For the past decades, experts in research methods and statistics have repeatedly reminded our community that arbitrary categorisation of data is a waste at best and can lead to harm in the worst-case scenario [18, 19]. If a pattern of physiological parameters (i.e., sequential organ failure assessment) is of interest, nothing stands in the way of plotting raw clinical and laboratory measurements over time and analysing them in their original form. Data will speak for themselves and reveal both the strength and complexity of estimated effects if nonlinearities such as U-shaped relations are allowed at the stage of statistical analysis. Even though the European Medicines Agency encouraged trialists to use the SOFA score as an endpoint, the SOFA score’s capacity to explain mortality, estimated at ≤ 35% when using the delta SOFA score, is far below the 85% bar set by the Food and Drug Administration for surrogate outcomes in oncology [11, 20]. New patient-oriented outcomes, such as days alive and free from organ support or days alive outside the ICU within a predefined period, such as 28 or 90 days, have recently gained popularity. These endpoints have far more promising properties than arbitrary categories of uncertain importance to patients [21, 22]. Better still, longitudinal ordinal models can be used to incorporate all relevant transitions between stages of critical illness and maximise statistical power, though these models require a relatively high level of expertise and effort from the study’s biostatistician [23].
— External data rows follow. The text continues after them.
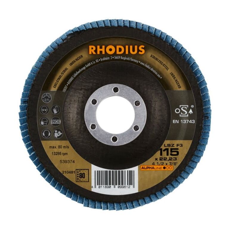 RHODIUS ALPHAline LSZ F3 Fächerschleifscheibe 125 x 22,23 mm K80
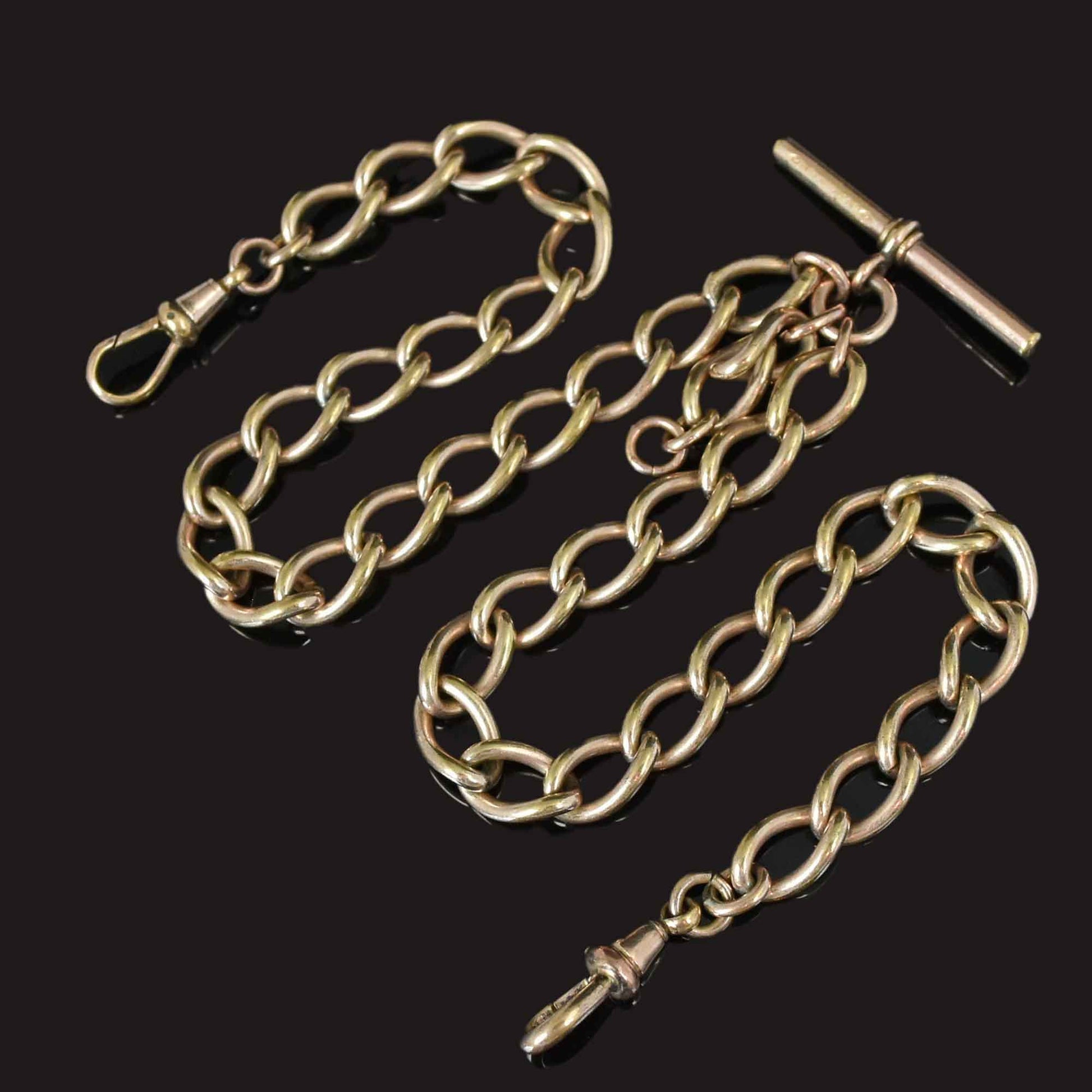 Chic and elegant?antique double Albert pocket watch chain in a rich rolled gold that can double as a necklace or bracelet. The curb chain has a center t-bar and matching drop chain ready to add a fob with each end having a swivel dog clip. A striking Albert chain to wear with a pocket watch for the gents, wear as a necklace for the ladies, or wrap around your wrist for a unique look!
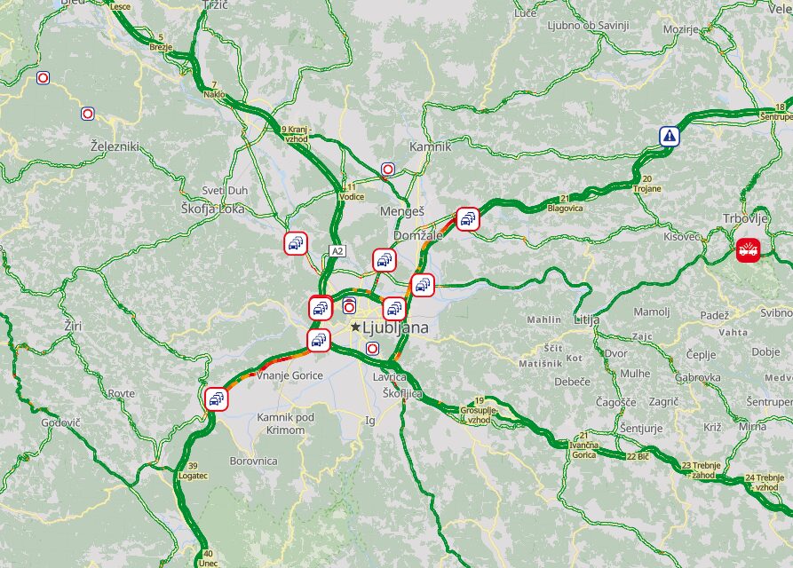 Voznike danes po Sloveniji čakajo številne prometne ovire. Med pomembnejšimi dogodki je dolgotrajna zapora ceste Trbovlje – Hrastnik, hkrati pa promet ponekod dodatno otežujejo jutranja konica, okvare vozil in vremenske razmere.

This study has several weaknesses. First, only the maximum SOFA score within the first 24 h after admission to the ICU was available in our dataset, precluding any exploration of changes in the SOFA score over time and their relations with mortality. We also did not record the baseline SOFA score, which would provide us with valuable information of chronic organ failure in the population of older critically ill patients. Importantly, the dynamics of each of the SOFA components express different time trajectories during the ICU hospitalisation. Nevertheless, limitations described above apply to any transformation of the original score. Second, the sample size did not allow for a credible investigation of interactions between different systems and subgroups based on the reason for admission to the ICU. It also led to low number of patients and wide confidence intervals in the analysis of the highest categories in renal, hepatic and coagulation components, potentially resulting in some difficulties in interpretation of the results. Third, we did not assess the interrater variability, we know that parameters such as the Glasgow Coma Scale are prone to misclassification in critically ill patients. Fourth, raw data such as biomarker concentrations were not collected in the primary study. Fifth, this is a post-hoc analysis and our results should be considered hypothesis-generating. Sixth, these results are generalisable primarily to older adults. Further studies developed by the VIP project group will help to address this issue more precisely in the future, however an optimal way to assess SOFA score performance in the population of older ICU patients would be to design a large prospective study focused on SOFA score validation on a dedicated cohort.

Our study has many strengths. We were able to include almost four thousand patients ≥ 80 years old from an international, prospectively enrolled cohort, and the completeness of relevant data was exceptionally high. Outcomes included both ICU- and 30-day mortality, mitigating the risk of biases arising from hospital wards’ discharge policies. Our study finished recruitment before the COVID-19 pandemic, thus our results are applicable to a broad population of older patients routinely treated in intensive care units.

Conclusion

Different components of the SOFA score have different prognostic implications for older critically ill adults. The cardiovascular component of the SOFA score needs revision. Future research should explicitly test the utility of the SOFA score with reference to other methods of organ function assessment.